# 25Performance

## 25.1 What to do when `marginaleffects` is slow?

Some options:

1. Compute marginal effects and contrasts at the mean (or other representative value) instead of all observed rows of the original dataset: Use the `newdata` argument and the `datagrid()` function.
2. Compute marginal effects for a subset of variables, paying special attention to exclude factor variables which can be particularly costly to process: Use the `variables` argument.
3. Do not compute standard errors: Use the `vcov = FALSE` argument.

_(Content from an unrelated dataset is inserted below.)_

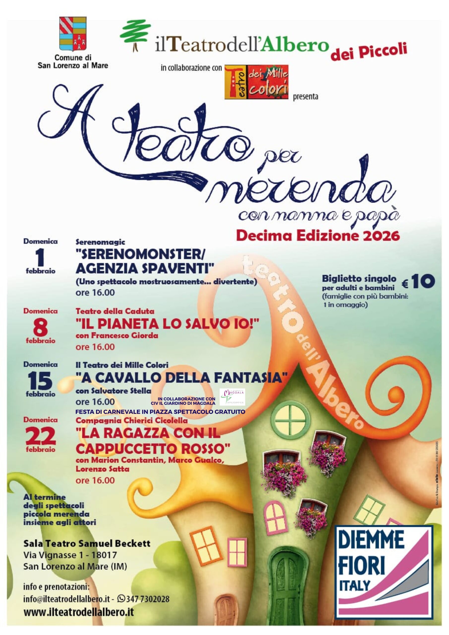 Il progetto trova continuità nella rassegna del Teatro dell’Albero, decima edizione 2026, che si terrà presso la Sala Teatro Samuel Beckett. La rassegna, intitolata “A teatro per merenda con mamma e papà”, presenterà per tutto il mese di febbraio spettacoli adatti a famiglie e bambini. La rassegna è realizzata ogni anno grazie al contributo fondamentale di Diemme Fiori Export e famiglia Di Massa.

This simulation illustrates how computation time varies for a model with 25 regressors and 100,000 observations:

``````library(marginaleffects)

## simulate data and fit a large model
N <- 1e5
dat <- data.frame(matrix(rnorm(N * 26), ncol = 26))
mod <- lm(X1 ~ ., dat)

results <- bench::mark(
# marginal effects at the mean; no standard error
slopes(mod, vcov = FALSE, newdata = "mean"),
# marginal effects at the mean
slopes(mod, newdata = "mean"),
# 1 variable; no standard error
slopes(mod, vcov = FALSE, variables = "X3"),
# 1 variable
slopes(mod, variables = "X3"),
# 26 variables; no standard error
slopes(mod, vcov = FALSE),
# 26 variables
slopes(mod),
iterations = 1, check = FALSE)

results[, c(1, 3, 5)]
## <bch:expr>                                  <bch:tm> <bch:byt>
## slopes(mod, vcov = FALSE, newdata = "mean") 230.09ms    1.24GB
## slopes(mod, newdata = "mean")               329.14ms    1.25GB
## slopes(mod, vcov = FALSE, variables = "X3")  198.7ms  496.24MB
## slopes(mod, variables = "X3")                  1.27s    3.29GB
## slopes(mod, vcov = FALSE)                      5.73s   11.05GB
## slopes(mod)                                   21.68s   78.02GB``````

The benchmarks above were conducted using the development version of `marginaleffects` on 2023-02-03.

## 25.2 Speed comparison

The `slopes()` function is relatively fast. This simulation was conducted using the development version of the package on 2022-04-04:

``````library(margins)

N <- 1e3
dat <- data.frame(
y = sample(0:1, N, replace = TRUE),
x1 = rnorm(N),
x2 = rnorm(N),
x3 = rnorm(N),
x4 = factor(sample(letters[1:5], N, replace = TRUE)))
mod <- glm(y ~ x1 + x2 + x3 + x4, data = dat, family = binomial)``````

`marginaleffects` is about the same speed as `margins` when unit-level standard errors are not computed:

``````results <- bench::mark(
slopes(mod, vcov = FALSE),
margins(mod, unit_ses = FALSE),
check = FALSE, relative = TRUE)
results[, c(1, 3, 5)]

##   expression                        median mem_alloc
##   <bch:expr>                          <dbl>     <dbl>
## 1 slopes(mod, vcov = FALSE)   1         1
## 2 margins(mod, unit_ses = FALSE)       6.15      4.17``````

`marginaleffects` can be 100x times faster than `margins` when unit-level standard errors are computed:

``````results <- bench::mark(
slopes(mod, vcov = TRUE),
margins(mod, unit_ses = TRUE),
check = FALSE, relative = TRUE, iterations = 1)
results[, c(1, 3, 5)]

## <bch:expr>                     <dbl>     <dbl>
## slopes(mod, vcov = TRUE)          1        1
## margins(mod, unit_ses = TRUE)   128.      18.6``````

Models estimated on larger datasets (> 1000 observations) can be difficult to process using the `margins` package, because of memory and time constraints. In contrast, `marginaleffects` can work well on much larger datasets.

In some cases, `marginaleffects` will be considerably slower than packages like `emmeans` or `modmarg`. This is because these packages make extensive use of hard-coded analytical derivatives, or reimplement their own fast prediction functions.